Back when I was a statistics major in college, in probability class, we talked about false positives. I found the results vaguely disturbing, even though issues with false positives haven’t personally affected me. At least not yet. The question is stated roughly like this:
Suppose that a rare disease affects 1% of the population, and there’s a blood test that can determine whether a person is affected by the disease or not. The test isn’t completely accurate; only 95% of people who actually have the disease test positive, and 2% of people without the disease also test positive. If a randomly chosen person’s blood test comes back positive, what’s the probability that the person actually has the disease?
Intuitively, you would think “pretty low,” given that the test seems pretty accurate.
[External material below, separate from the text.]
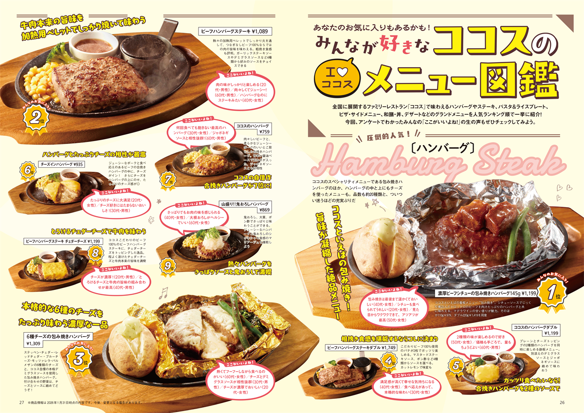 “ココロはずむココス”をテーマに専門店級の商品を手頃な価格で提供する「ココス」は、すべてのお客様が安全に、おいしく、そして手軽に食べられる商品を多彩なラインアップで提供しています。この度発売する『COCO’S LOVE BOOK』では、長年愛され続ける看板メニュー“包み焼きハンバーグ”のおいしさのヒミツをはじめ、ドリンクバーの新たな楽しみ方、ファミレスの常識を超えるココスのすごいトコ解説など、読むほどにココスが好きになるコンテンツを一冊に凝縮。ココスファンの方はもちろん、これまでココスをあまり知らなかった方にもお楽しみいただける一冊です。

But since there’s numbers involved, it’s probably better to actually do some calculations. At least, that’s what they taught us in school.
Let D be the event that the person has the disease, and let T be the event that the test comes back positive. From the problem, we know that P(D) = 0.01, P(T|D) = 0.95, and P(T|~D) = 0.02. We want to find P(D|T). Using some basic rules of conditional probability, P(D|T) = P(T|D) * P(D) / P(T) = P(T|D) * P(D) / [P(T|D) * P(D) + P(T|~D) * P(~D)] = 0.95 * 0.01 / [0.95 * 0.01 + 0.02 * (1 – 0.01)] = 0.324. So there’s only about a one-in-three chance that a positive test result from a randomly chosen individual belongs to a person who actually has the disease.
The intuitive explanation for this is that the disease is so rare that the number of false positives coming from the large proportion of the population that doesn’t have the disease is comparable to the number of true positives coming from the small number of people who actually have the disease. There was something vaguely unsettling about this, that something that seemed so accurate on the surface actually produced such untrustworthy positive results. But the math shows it happens!